EXERCISE 1: Blocking generation of ungrammatical input

This grammar allows mismatched subject-verb agreement. This is good for parsing, but not for generation. Try:

   regenerate "they laughs."

There will be four strings generated. Two with laugh and two with laughs (ignore the optional period; we will deal with that later). We only want to generate the correct form with laugh. To do this, you need to put an OT mark in the GENOPTIMALITYORDER ranking in the CONFIG. This should be a NOGOOD mark. Since this construction already has an OT mark associated with it, just use that one.

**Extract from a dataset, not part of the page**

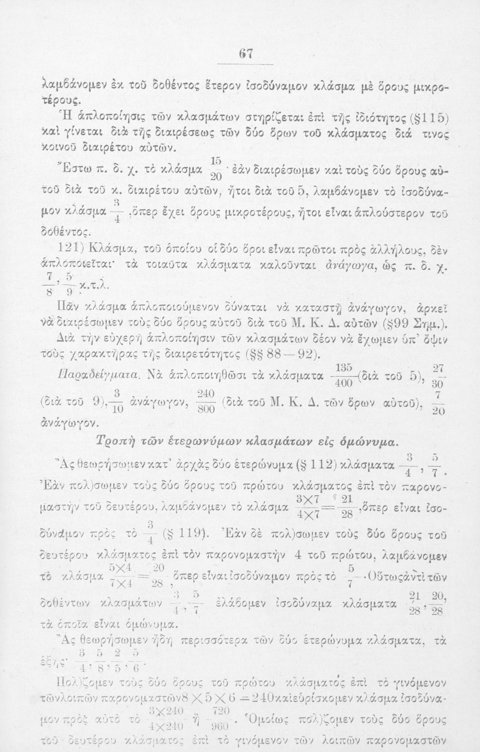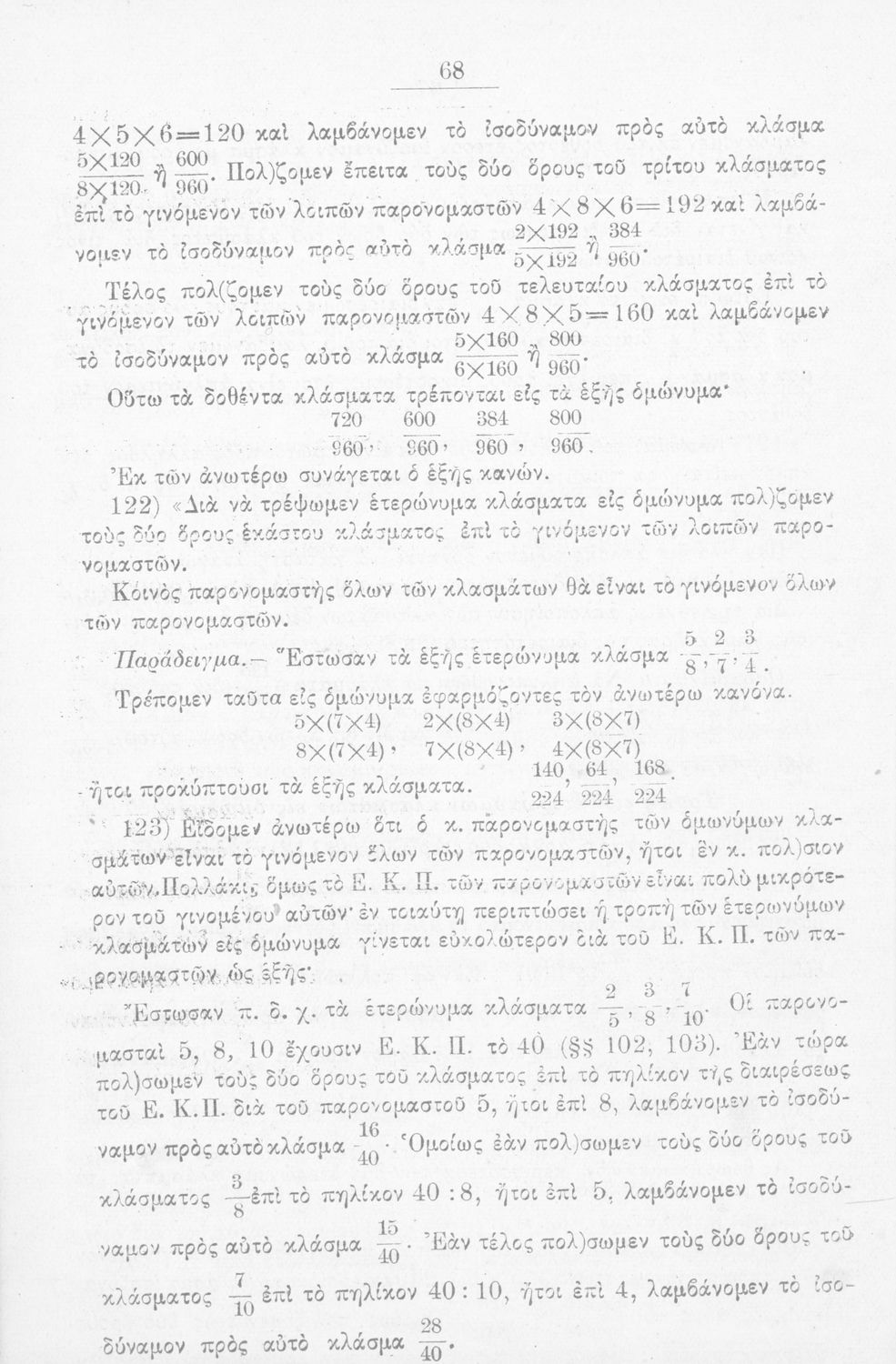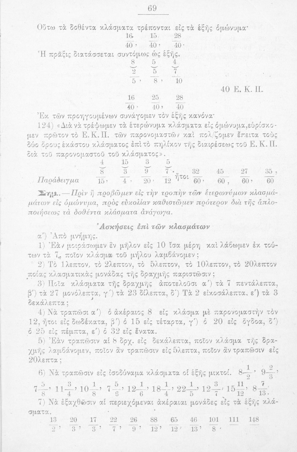 Σχολικό εγχειρίδιο Αριθμητικής για τα Ελληνικά και Αστικά Σχολεία και τα Παρθεναγωγεία που εστιάζει στις αριθμητικές πράξεις, τα κλάσματα, τους δεκαδικούς και συμμιγείς αριθμούς, και τις δυνάμεις. Περιέχει και

Reload the grammar and try regenerating the string again. NOTE: When generating you must reload the grammar even if you only make changes to the lexicon; otherwise the changes are not in effect.

You should now see:

  % regenerate "they laughs."
  parsing {they laughs.}
  *1 solutions, 0.05 CPU seconds, 29 subtrees unified

  They {laugh.|laugh}

Use a parsing (ungrammatical *) OT mark to make it so that you can parse:

   girl laughs.

Add this OT mark to the GENOPTIMALITYORDER so that your grammar will not generate these strings. Unlike the subject-verb example, the generator cannot correct this error (we will do this in Part 2). Instead, you should see:

  % regenerate "girl laughs."
  parsing {girl laughs.}
  *1 solutions, 0.04 CPU seconds, 27 subtrees unified
  Generator failed!
  { }

EXERCISE 2: (Dis)prefering options

In some cases the multiple possibilities that the generator produces are relatively legitimate. However, for practical reasons you may not want to have so many options. You can use the OT marks to disprefer or prefer these options. In many cases, this involves introducing new OT marks that occur only in the GENOPTIMALITYORDER and not the parsing ranking.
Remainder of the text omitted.